更新日 2011-10-02 | 作成日 2007-11-01
どこか一点を注視していると、そこは焦点が合ってクリアーに見えるのですが、その脇がぼやけている様に感じます。おや?と思ってそのぼやけているところに視点を移すと、ちゃんと焦点が合って見えます。そんな風に見えませんか?
これを見て、「見る脳・描く脳」という本で読んだ事を思い出しました。
この本によると、ヒトの網膜には光刺激を受容するための二種類の視細胞、桿体と錐体があるのだそうです。桿体は暗いところで活動し、錐体は明るいところで活動します。また、桿体は光の波長に対して感度が全て同じであるため色を識別できないのですが、錐体は赤・緑・青の光に対して感度の高い三種類が存在するため、色覚を生じる事ができるのだそうです。
ヒトの網膜における視細胞の数は、桿体が一億二千万個あるのに対して錐体は六百万個ですので、圧倒的に桿体の数が多く、錐体はごくわずかしかありません。
この錐体は網膜の中心部のごく狭い場所、視野にして四度までのところに密集しており、その周りを桿体が取り囲んでいます。したがってヒトの網膜の特性は、中心から視野にして約四度までの範囲では色覚を生じるのですが、それより周辺部の視野では色覚を生じず、明暗を識別するのみであるという事になります。

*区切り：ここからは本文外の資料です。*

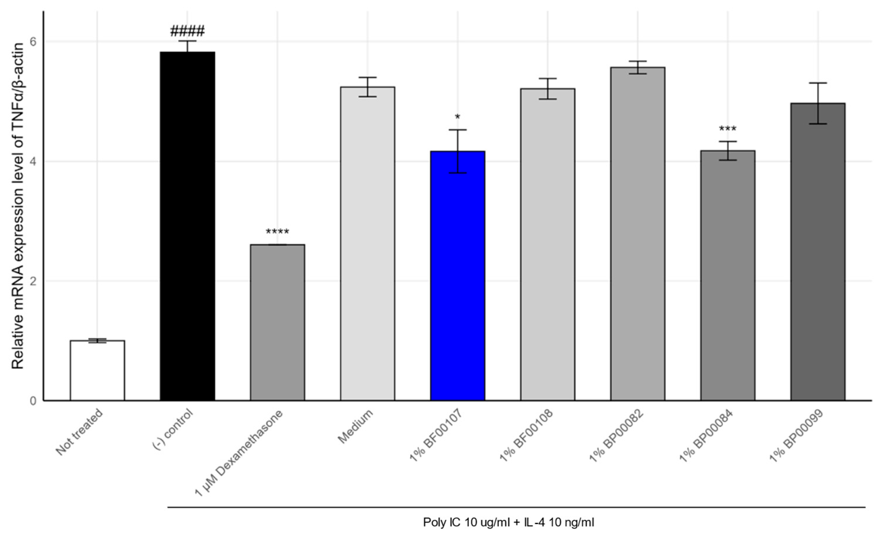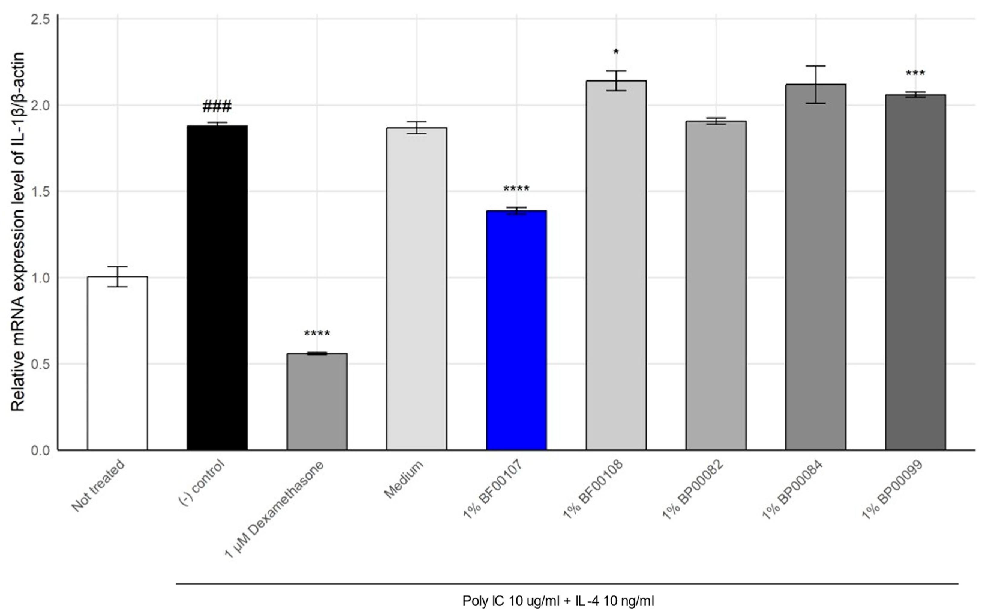At the cellular level, BF00107 markedly suppressed the induction of pro-inflammatory cytokines (IL-1β and TNF-α) in keratinocytes under poly I:C + IL-4 stimulation. The study focused on IL-1β and TNF-α because they are central mediators in keratinocyte-dependent inflammatory cascades [

でも私たちはそんな風に、注目しているところだけがカラーで周辺はモノクロなんていう風には見えていないですよね?これは目というセンサーから入ってきた信号をダイレクトに感じている訳ではないからです。この信号を脳が受け取って加工した結果を感じているからなのです。
この繰返し紋様は注目しているところの周辺でぼやけて見える様に私は感じるのですが、ひょっとしてそれは上記の情報処理を混乱させる要素がこの紋様には含まれていて、網膜からきた生データの特性が一部残ってしまうのが原因なのかもしれません。この混乱させる要素がわかれば、ぼやける紋様の色々なバリエーションが作れて面白そうなのですが。
この本の中に「見る脳・描く脳」の簡単な内容紹介があります。50ページの「視覚美術館へようこそ」です。お手頃な値段なので、興味を持った方はまずこちらから入るのはいかがでしょうか。
ちなみに著者は「コマネチ大学数学科」の竹内先生です。